Tamam, bu çok ilginç olmayabilir, ama haberin devamı şöyle:
"Dünyada büyük yankı uyandıran ve birçok uluslararası ajansın paylaştığı bu otomobilin mimarı Amerika’da yaşayan Kâmran Türkoğlu isimli 35 yaşında bir Türk mühendis."
Öncelikle, mühendisin isminin Türkoğlu olması çok güzel. Böylece dünyanın ve uluslararası ajansların herhangi bir hata yapması engellenmiş oluyor. Mühendisin Türk olduğunu kimse gözden kaçıramaz.
Yaşadığımız sevinç, Aziz Sancar'ın Nobel Ödülü almasını hatırlattı bana. Bir kez daha pencerenin önüne gidip "Ne mutlu Türk'üm diyene!" diye bağırdım.
Sonra işin içine şeytan karıştı, Sancar gibi Türkoğlu'nun da Türkiye'de değil Amerika'da yaşayan, çalışan, araştırma yapan bir adam olduğunu düşündüm.
Türkoğlu, 26 yaşında Amerika'ya gitmiş. Minnesota Üniversitesi’nde doktora yapmış. İki yıl Amerikan Ulusal Havacılık ve Uzay Dairesi NASA’da çalışmış. Şimdi San Jose Üniversitesi'nde çalışıyor. Aynı zamanda 2016’da Silikon Vadisi'nde NextEV firmasında çalışmaya başlamış. NextEV, daha sonra NIO ismini alarak elektrikli ve insansız otomobil geliştirmeye başladığında Türkoğlu bu projede çalışmış ve "aracın beynini tasarlayan ekibin başında" yer almış. Diyor ki, "NIO, Silikon Vadisi’nde ofis açarak ilk çalışanlarını almaya başladı. Ben 188’inci çalışanıyım."
Dikkatimi çekti.
Hürriyet'in sandığı gibi "uçuran Türk" yok; söz konusu Türk şirketin 188. çalışanı; bir ekip olarak çalışıyorlar; bu ekip otomobilin sadece bir bölümünü çalışıyor.
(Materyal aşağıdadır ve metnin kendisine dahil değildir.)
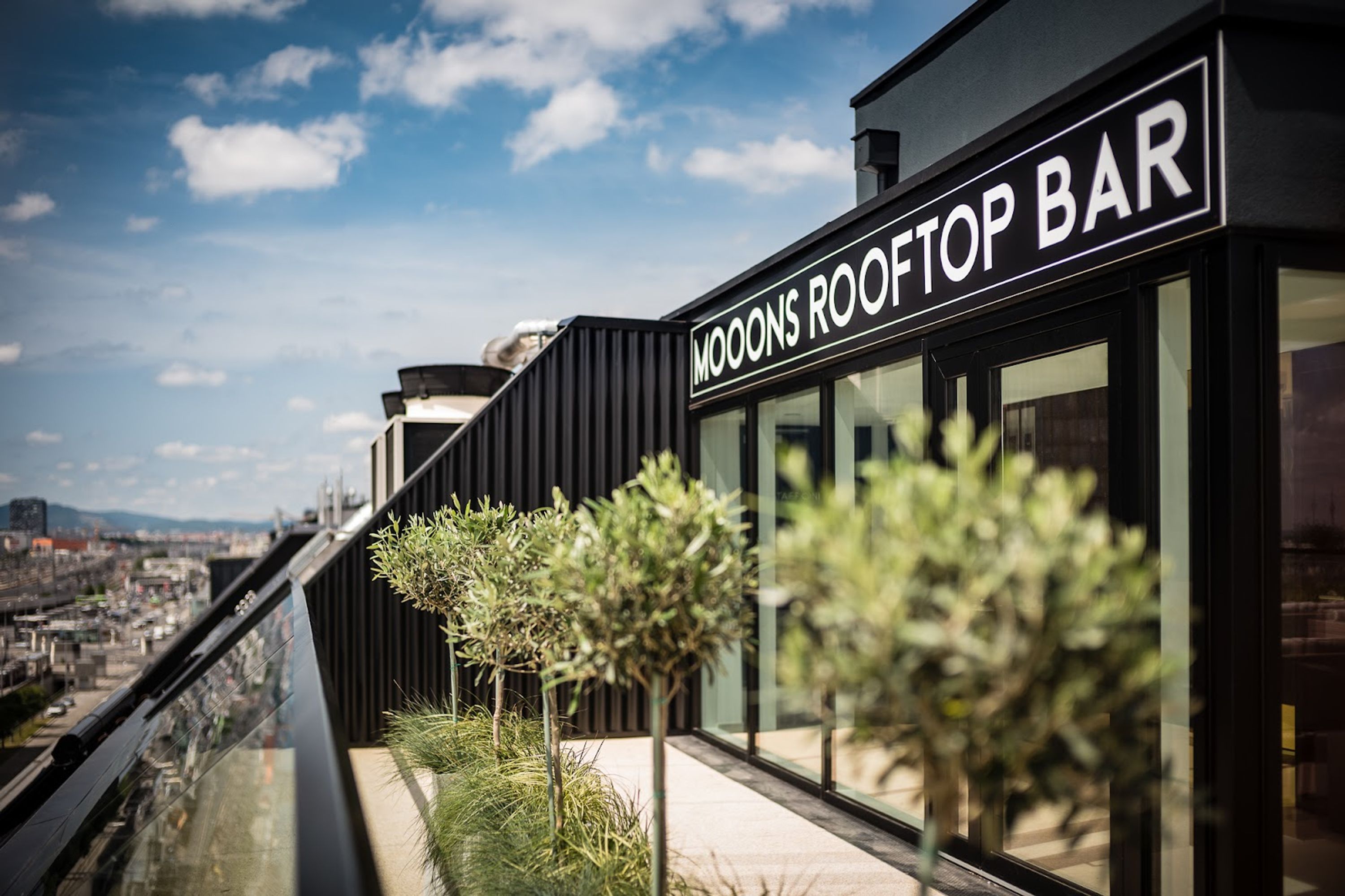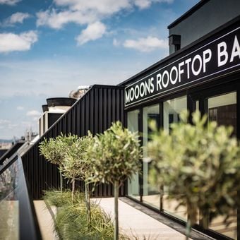 Moons Rooftop Bar dispone di una terrazza sopraelevata che offre viste panoramiche sullo skyline di Vienna, fornendo un ambiente moderno per gustare cocktail e bevande all'aperto.

Ama diğer 187 kişi Türk olmadığı için önemsiz; otomobili uçuran sadece Türkoğlu!
Bir de şu dikkatimi çekti:
Sormuşlar, “Türkiye’ye geri dönmeyi ve burada bir proje geliştirmeyi veya bir şirket kurmayı düşünüyor musunuz?"
Herhalde kibar bir adam olduğu için, "Saçmalama lan!" dememiş. “Açıkçası şu anda böyle bir düşüncem yok” demiş.
İlginçtir, koyu Türkçü ve milliyetçi olan Aziz Sancar'ın da dönmeye niyeti yok. "Rize'de Recep Tayyip Erdoğan Üniversitesi'nde hoca olmak isterim" dediğini duyan olmadı hiç.
İkisi de biliyor, bir Türk'ün bilim alanında başarılı olması için yurtdışında bir üniversitede çalışıyor olması gerek.
Niye mi?
Barış çağrısı yapan bir bildiriye imza attığı için akademisyenlerin işten atıldığı bir memlekette üniversite filan yoktur da ondan.